§ **Supplied information**
□ □ □ □ □ □ □

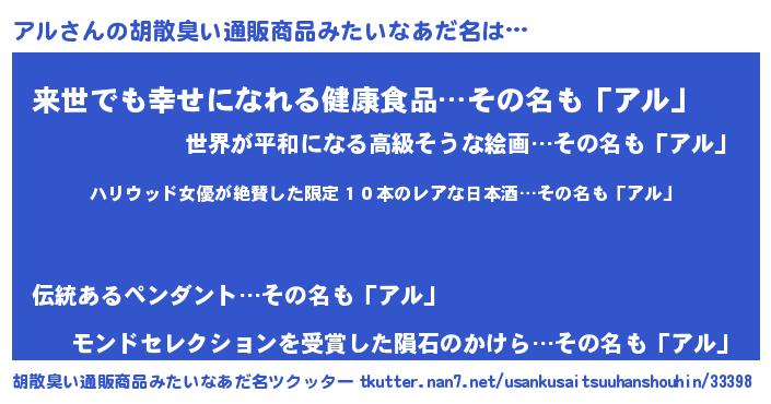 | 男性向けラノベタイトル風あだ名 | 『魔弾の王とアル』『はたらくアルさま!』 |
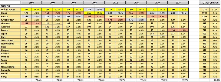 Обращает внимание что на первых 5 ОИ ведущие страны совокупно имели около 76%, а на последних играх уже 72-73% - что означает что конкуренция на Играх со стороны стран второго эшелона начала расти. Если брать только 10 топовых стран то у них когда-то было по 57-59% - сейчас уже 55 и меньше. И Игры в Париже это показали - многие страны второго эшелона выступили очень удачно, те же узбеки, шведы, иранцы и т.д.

□ □ □ □ □ □ □

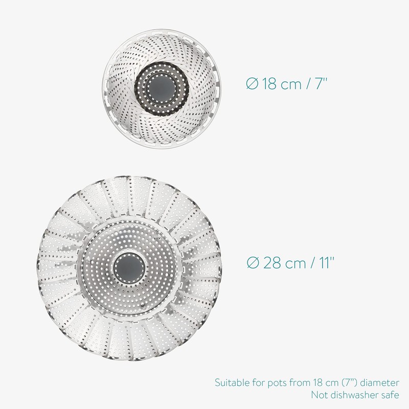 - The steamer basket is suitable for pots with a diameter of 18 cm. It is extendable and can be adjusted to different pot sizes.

□ □ □ □ □ □ □

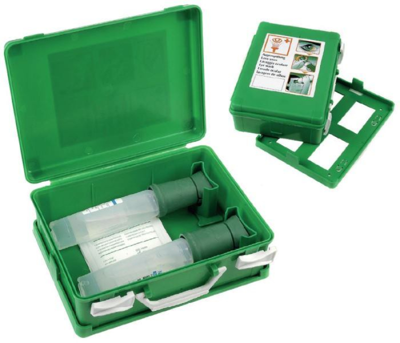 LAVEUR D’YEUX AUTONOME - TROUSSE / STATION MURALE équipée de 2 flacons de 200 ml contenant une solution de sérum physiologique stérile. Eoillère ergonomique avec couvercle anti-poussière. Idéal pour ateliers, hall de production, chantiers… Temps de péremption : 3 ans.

□ □ □ □ □ □ □

§ **Your goal**
All lines above from the one containing "男性向けラノベタイトル風あだ名 | 『魔弾の王とアル』『はたらくアルさま!』 |" up to and including the one containing "Обращает внимание что" are to be set down exactly, and nothing else. Leave images out.

§ **Task answer**
 | 男性向けラノベタイトル風あだ名 | 『魔弾の王とアル』『はたらくアルさま!』 |
 Обращает внимание что на первых 5 ОИ ведущие страны совокупно имели около 76%, а на последних играх уже 72-73% - что означает что конкуренция на Играх со стороны стран второго эшелона начала расти. Если брать только 10 топовых стран то у них когда-то было по 57-59% - сейчас уже 55 и меньше. И Игры в Париже это показали - многие страны второго эшелона выступили очень удачно, те же узбеки, шведы, иранцы и т.д.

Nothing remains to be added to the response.